Характерные — женские — дьявольские коннотации ярче всего проявлялись в украшениях, изображавших Еву в момент общения со змеем или когда она тянется к запретному плоду. Есть несколько таких образцов — например, замысловатая серебряная пряжка с рельефом, где профиль Евы обрамлен телом змея, который предлагает ей яблоко, зажав его во рту (Феликс Разумный, ок. 1900)[1918]. Ева чуть заметно улыбается, а вьющиеся пряди ее волос вторят извивам тела ее искусителя, так что их формы как бы рифмуются и подчеркивают родство женщины и змея.

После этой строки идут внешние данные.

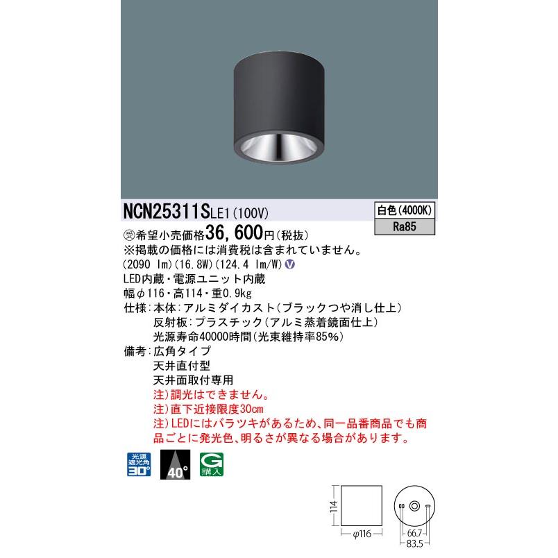 [法人限定] NCN25311S LE1 パナソニック スポットライト 天井直付 白色 小型シーリングライト ビーム角40度 広角タイプ 光源遮光角30度 [ NCN25311SLE1 ]

На пряжке работы Жюля Дебуа (ок. 1902) Еву обвил змей, земля под ними усыпана яблоками, а Ева Эдуара-Эме Арнуля, тоже украшающая собой пряжку (ок. 1900), срывает яблоко с ветки. Эффектная брошь из серебра с эмалью с опаловыми вставками, названная «Ева» (Анри-Эрнест Дабо, 1901), изображает, по сути, настоящее свидание первой женщины со змеем: такое впечатление, будто она собирается поцеловать его[1919][1920]. На другой броши (работы неизвестного мастера, ок. 1900) Ева срывает запретный плод в форме ромба. Дэвид Ланкастер видит в этом мотиве «выражение независимости и непокорности, столь понятное женщинам на заре нового века»[1921]. В самом деле, это представляется разумным толкованием, поскольку противоположное прочтение — согласно которому выходило бы, например, что подобные украшения надевали женщины набожные и послушные, желая напомнить себе о греховности собственного пола, — кажутся малоправдоподобным (разве что речь шла бы об отъявленных мазохистках). Да и то, поборница традиционных понятий и ценностей вряд ли увидела бы в этом библейском сюжете предмет, заслуживающий прославления при помощи столь дерзких и роскошных украшений. Таким образом, ювелирные изделия с изображением Евы, скорее всего, носили женщины, желавшие гордо подчеркнуть собственное своеволие и потому, для большей наглядности, прибегавшие к дьявольской символике. А еще есть вероятность того, что в некоторых случаях подразумевалась отсылка к учению Блаватской, которая переосмыслила роль змея, представляя его героем прометеевского типа. Так, известно, что некоторые мастера, работавшие в стиле модерн, обращались к теософским мотивам и использовали их в своих изделиях: например, выбирали определенные цвета, отражавшие различные уровни духовного развития, — в соответствии с их смысловыми значениями согласно этой эзотерической системе[1922].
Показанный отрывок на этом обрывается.